§ **What you need to do**: Go to the line with "Israel team posing" in the entries below and write out every line from there through the line with "Figure 2. Changes", exactly and without pictures.

Stored dataset items
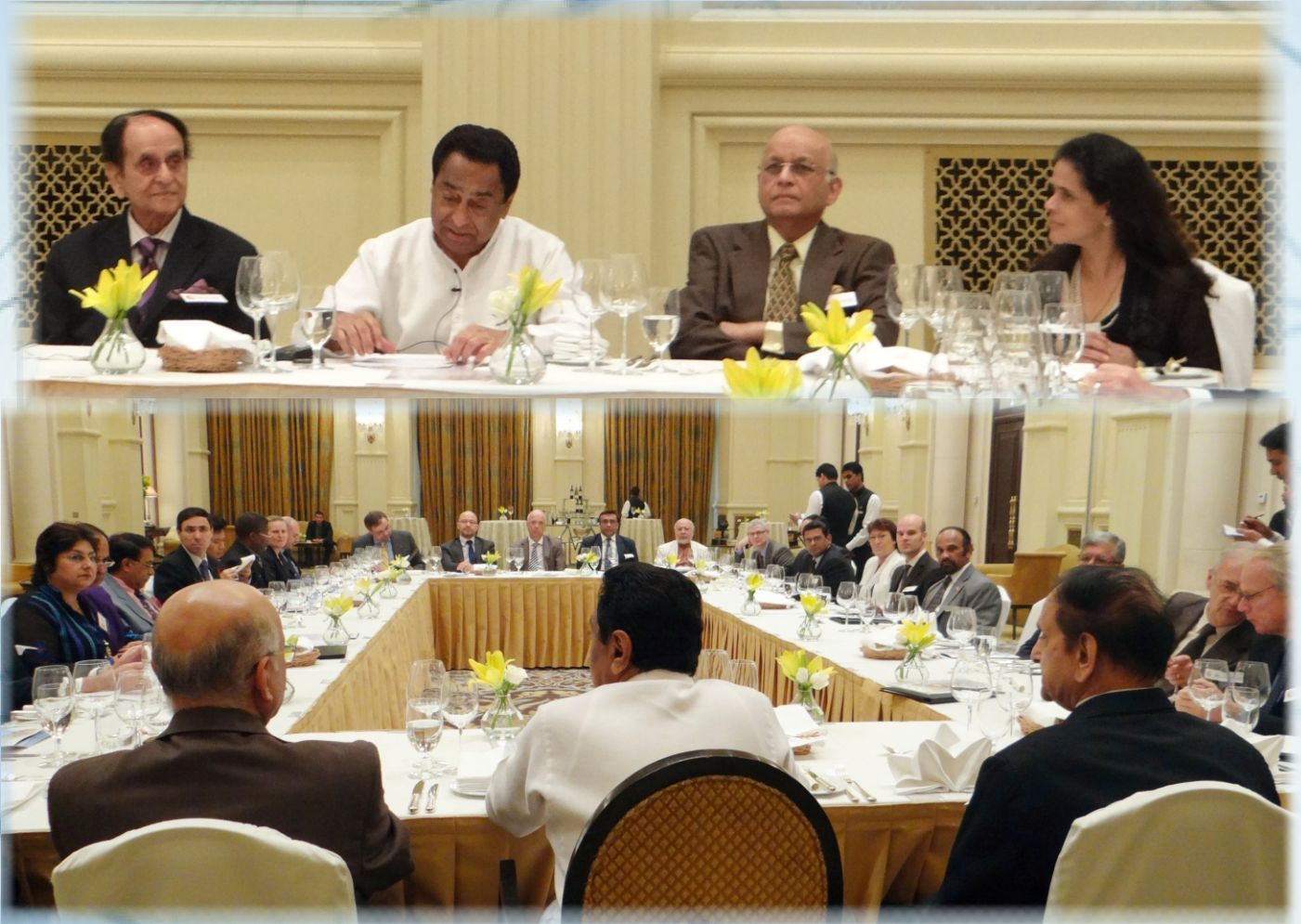
Above 2 photographs: AFI meeting with Minister of Urban Development Mr. Kamal Nath at the Leela Palace
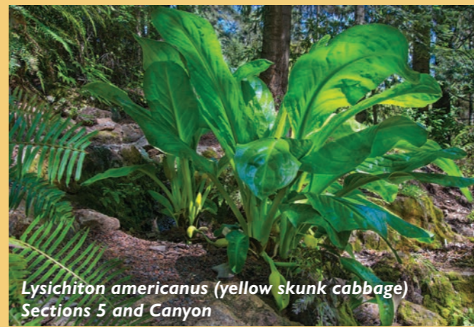
Lysichiton americanus (yellow skunk cabbage) Sections 5 and Canyon
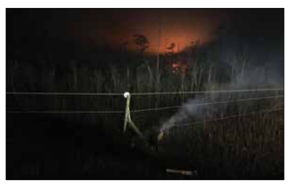
Tideland pole succumbed to the Whipping Creek Fire in April 2016.

We completed the purchase of property for a new substation in Craven County to serve Fairfield Harbour and surrounding communities. The project will not only alleviate growing load concerns,
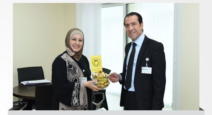
AAU celebrates the International Day of Happiness
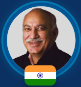
M J Akbar Former Minister, Government of India
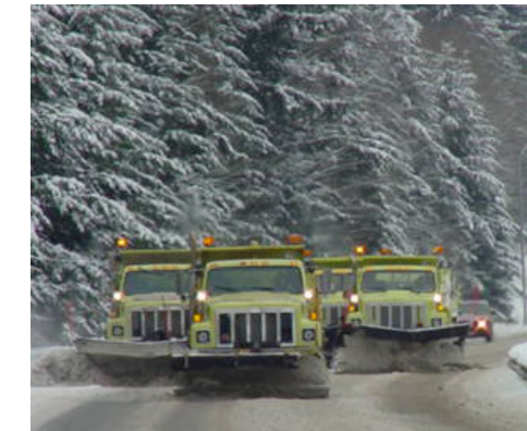
Snow plows and sand trucks.

Highway maintenance will be ready with over 70 additional personnel stationed along the I-5 Corridor and border crossing routes. There will also be over 25 additional pieces of equipment at the ready. WSDOT may also have to provide increased snow and ice materials for the safety and convenience of Olympic travelers.
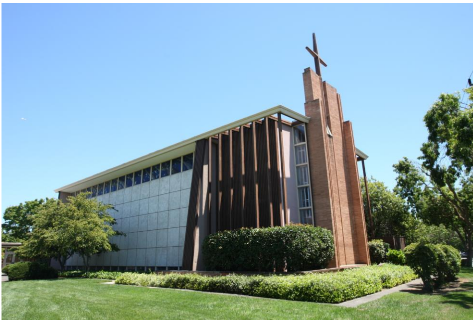
1985 Louis Road, Palo Alto
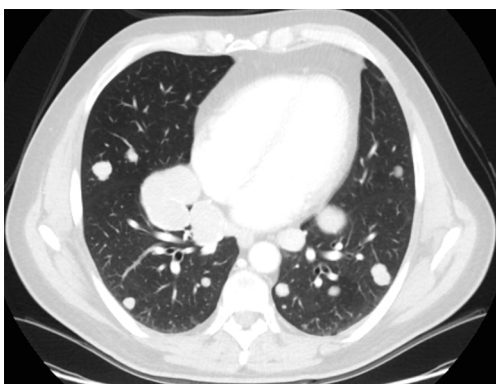
Figure 1 Multiple, bilateral lung metastases not amenable of radical resection because of number, location and dimensions of the lesions.
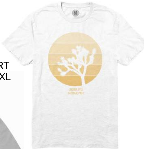
JOSHUA TREE BAR SUN T-SHIRT $36 – 100% Cotton, S-XL White
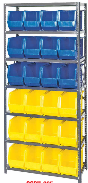
QSBU-265 18"D x 36"W x 75"H 7 shelves and 24 QUS265 18"L x 8-1/4"W x 9"H bins
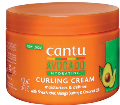
HYDRATING CURLING CREAM 340g 07990-12/3NEUS
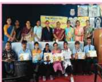
Inter Collegiate Elocution Competition Winners
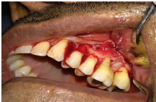
Fig. 5: Bone graft and PRF membrane placed
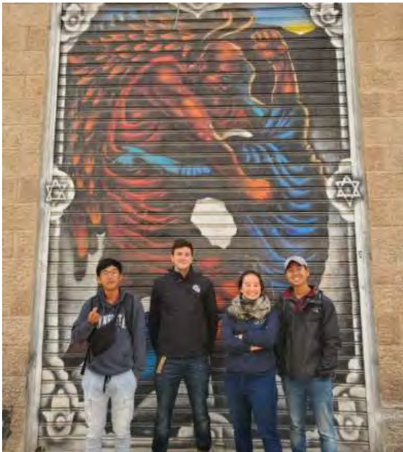
Israel team posing in front of graffiti of our name sake, Jacob wrestling the angel.
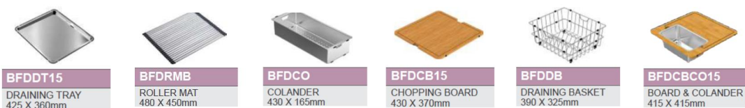
BFDDT15 DRAINING TRAY 425 X 360mm
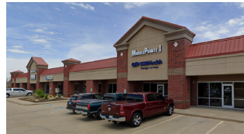
9060 HARMONY DR
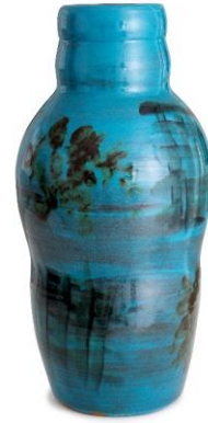
Günther Förg Untitled, 1996
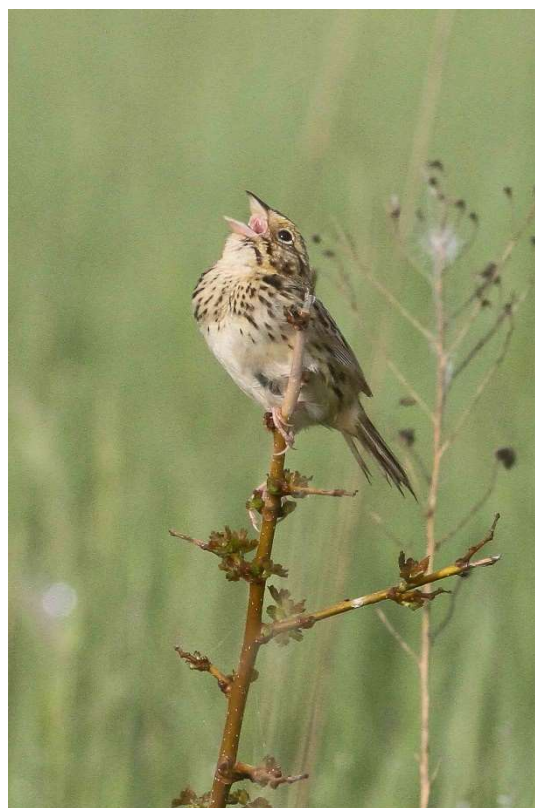
Henslow's Sparrow

We'll have parts of four days to explore the Drift Plains and Northern Lakes and Forest Region of Michigan's Lower Peninsula. Based in the town of Tawas City, we'll be close to many wonderful birding sites, particularly Huron-Manistee National Forest, where Kirtland's Warblers are numerous. We'll devote as much time as necessary to searching for this special bird, which nests exclusively in large, dense stands of young jack pines. A conservation success story, the Kirtland's Warbler was at the brink of extinction in the early 1970s, when populations were estimated to be around 400 individuals. Through intensive habitat management and cowbird control, the population reached 4000 by 2012, though the species' survival remains dependent on conservation efforts.
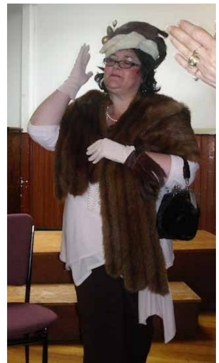
до свидания (do svidaniya)

with apologies to Robyn Steel-Stickland, who was wonderful as the drunken Natarshaa
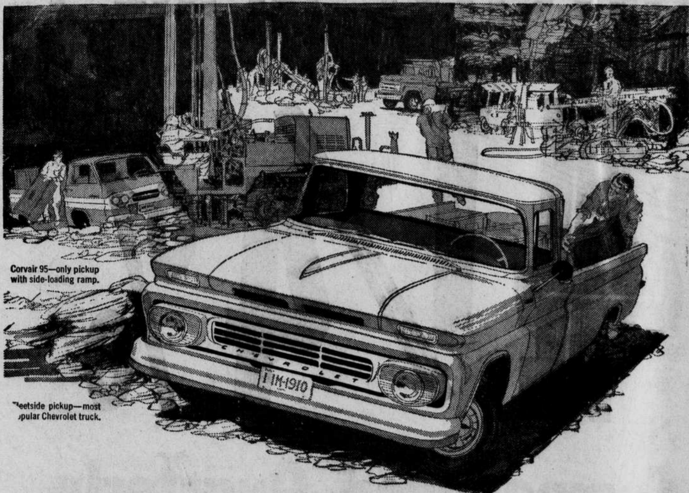
Corvaire 95—only pickup with side-loading ramp.
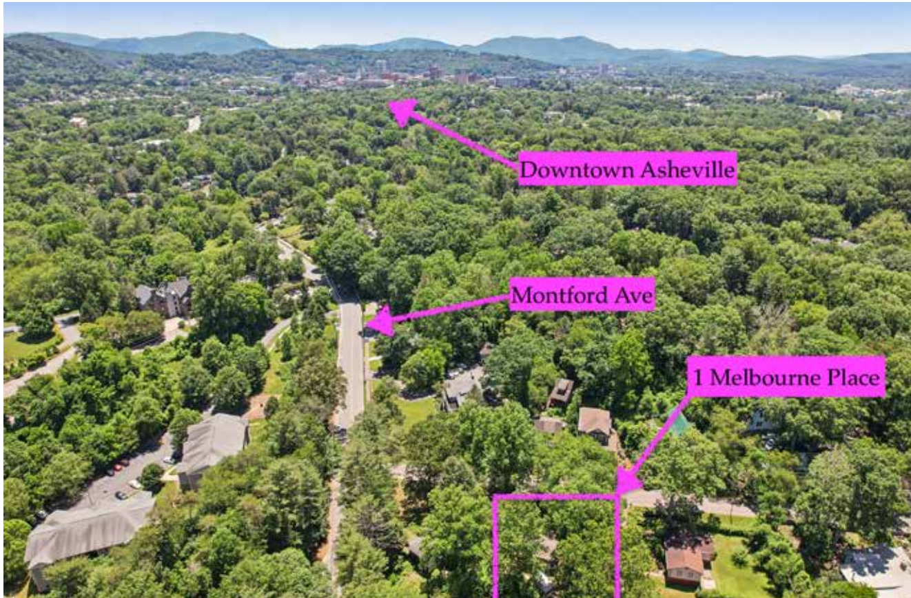
One Mile to the Bridge!
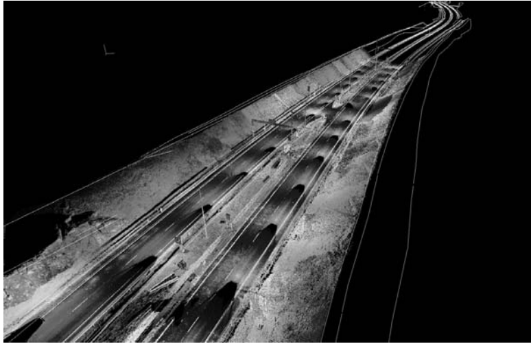
Fig. 2. A 3D point cloud measured using Stop & Go scanning for a Finland highway.
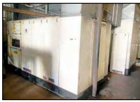
INGERSOLL RAND SSR-XFE300 300 HP ROTARY SCREW AIR COMPRESSOR
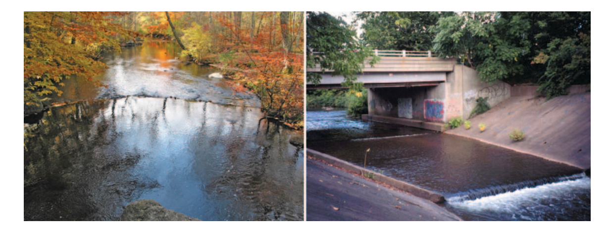
Figure 2. Changes in stream form associated with urbanization.

When increased pollution is added, the combination can be devastating. In fact, many studies are finding a direct relationship between the intensity of development in an area—as indicated by the amount of impervious surfaces—and the degree of degradation of its streams (Figure 3). These studies suggest that aquatic biological systems begin to degrade at impervious levels of 12% to 15%, or at even lower levels for particularly sensitive streams. As the percentage of imperviousness climbs above these levels, degradation tends to increase accordingly.
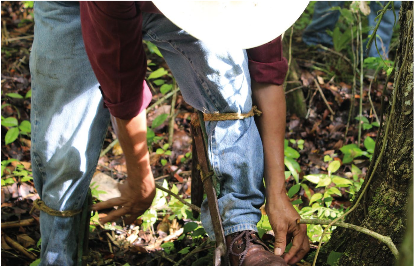
Figure 5 Jorge Soza demonstrates the extraction of chicle, a sustainable technique practiced in the Petén (Guatemala) between the 1920s and 1960s
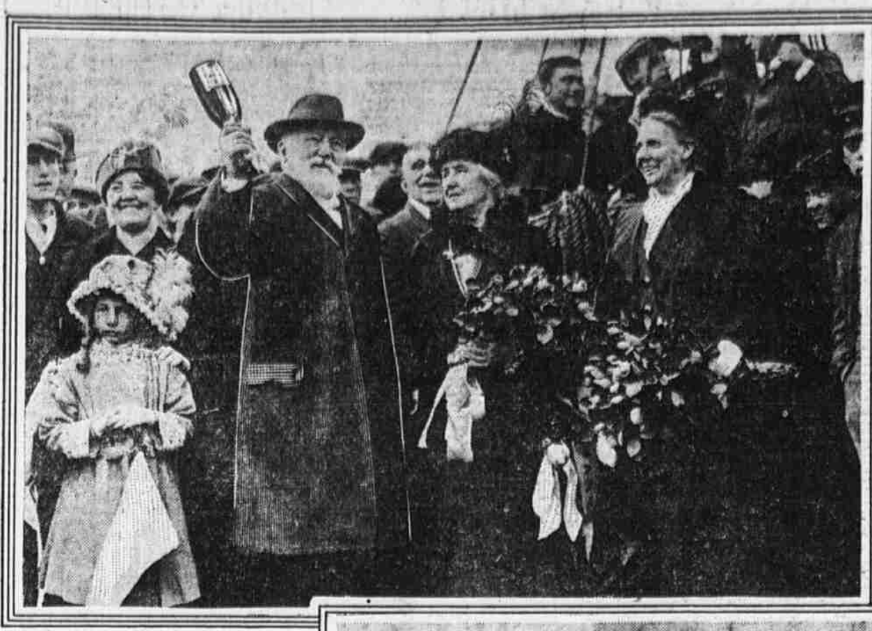
MAYOR BLANKENBURG CHRISTENING THE SUFFRAGE BALLOON

§ **Solution**:
Israel team posing in front of graffiti of our name sake, Jacob wrestling the angel.
BFDDT15 DRAINING TRAY 425 X 360mm
9060 HARMONY DR
Günther Förg Untitled, 1996
Henslow's Sparrow

We'll have parts of four days to explore the Drift Plains and Northern Lakes and Forest Region of Michigan's Lower Peninsula. Based in the town of Tawas City, we'll be close to many wonderful birding sites, particularly Huron-Manistee National Forest, where Kirtland's Warblers are numerous. We'll devote as much time as necessary to searching for this special bird, which nests exclusively in large, dense stands of young jack pines. A conservation success story, the Kirtland's Warbler was at the brink of extinction in the early 1970s, when populations were estimated to be around 400 individuals. Through intensive habitat management and cowbird control, the population reached 4000 by 2012, though the species' survival remains dependent on conservation efforts.
до свидания (do svidaniya)

with apologies to Robyn Steel-Stickland, who was wonderful as the drunken Natarshaa
Corvaire 95—only pickup with side-loading ramp.
One Mile to the Bridge!
Fig. 2. A 3D point cloud measured using Stop & Go scanning for a Finland highway.
INGERSOLL RAND SSR-XFE300 300 HP ROTARY SCREW AIR COMPRESSOR
Figure 2. Changes in stream form associated with urbanization.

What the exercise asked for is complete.